If overriding the std source isn't supported, then it could work the same way as #[panic_handler]: you must supply an implementation if you don't link std, but if you do link std then supplying your own is an error. This would still be extremely useful. Currently, every crate that's (optionally) no_std and needs some randomness, most commonly for seeding Hashers, has to cobble together some sub-par ad-hoc solution to try and get some entropy from somewhere. There's a bunch of partial solutions that are better than nothing (const-random, taking addresses of global/local variables and praying that there's some ASLR, a global counter when atomics are available, cfg-gated access to target-specific sources like CPU cycle counters or x86 RDRAND) but:

  1. How well this works ends up highly platform-specific, in particular none of them work well for wasm32-unknown-unknown and wasm32v1-none targets .
  2. Applications that have access to a better source of entropy and (directly or transitively) use such libraries don't have a good way to enumerate them and make all of them use the better source.

This wouldn't be a problem if the entire ecosystem could agree to always delegate this problem to on one specific crate (version) with appropriate hooks, like getrandom, but evidently that's not happening. Putting this capability into core (or a new no_std sysroot crate, comparable to alloc) has a better chance of solving this coordination problem. Well, at least eventually, once everyone's MSRV has caught up.

Edit: almost forgot that even std::collections::Hash{Map,Set} depend on having a source of random seeds. A way to supply such a source without linking std could help with moving those types to alloc, although as #27242 (comment) points out, it's not backwards compatible to make such a source mandatory for no_std + alloc applications.

@newpavlov
Copy link
Contributor

@hanna-kruppe

Overriding the default source in an application that already has one from linking std seems questionable.

There is a number of reasons to allow overriding:

  1. An alternative interface may be more efficient than the default one (e.g. reading the RNDR register vs doing syscall)
  2. It may help reduce binary size and eliminate potentially problematic fallback paths (e.g. if you know that you do not need the file fallback on Linux)
  3. In some cases it's useful to eliminate non-deterministic inputs (testing, fuzzing)

So a RandomSource equivalent should probably be more restrictive in who can override it, but that's not the existing pattern.

Yes. How about following the getrandom path and allow override only when a special configuration flag is passed to the compiler?

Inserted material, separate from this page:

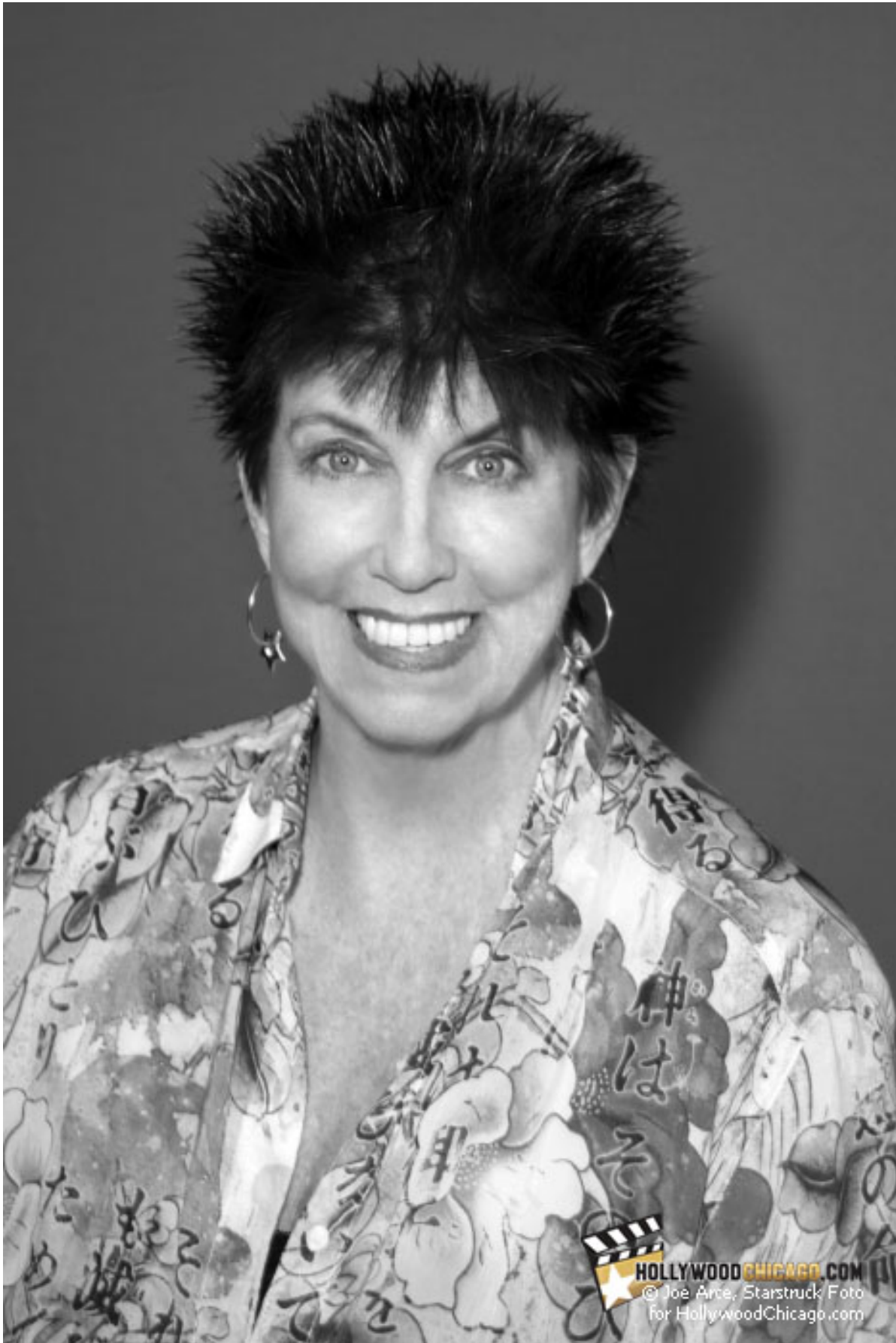
Marcia Wallace at the Hollywood Celebrities & Memorabilia Show in Chicago, 2010

"I had more guts than brains," she told HollywoodChicago.com in a 2010 interview. "I wanted to be a journalist, but my journalism teacher back home said, 'hon, you have no nose for news.' Go into drama. So I did. I took off to New York."

Either way, overriding is probably can be left for later. I think we both agree that we need a way to expose "system" entropy source in std and a way to define this source for std-less targets.

It also doesn't seem to fit with the proposed generalization of that pattern via "externally implementable functions" -- if that RFC is accepted, any new API surface should use it instead of adding new one-off mechanisms.

I agree that ideally we need a unified approach for this kind of problem. I made a similar proposal once upon a time.

But I think it fits fine? Targets with std could implicitly use std_random_impl crate for "external implementation" of the getrandom-like functions and users will be able to override it in application crates if necessary.

How well this works ends up highly platform-specific, in particular none of them work well for wasm32-unknown-unknown and wasm32v1-none targets .

I believe that having std for wasm32-unknown-unknown was a big mistake in the first place and the wasm32v1-none target is a good step in the direction of amending it. So I hope we will not give too much attention to its special circumstances.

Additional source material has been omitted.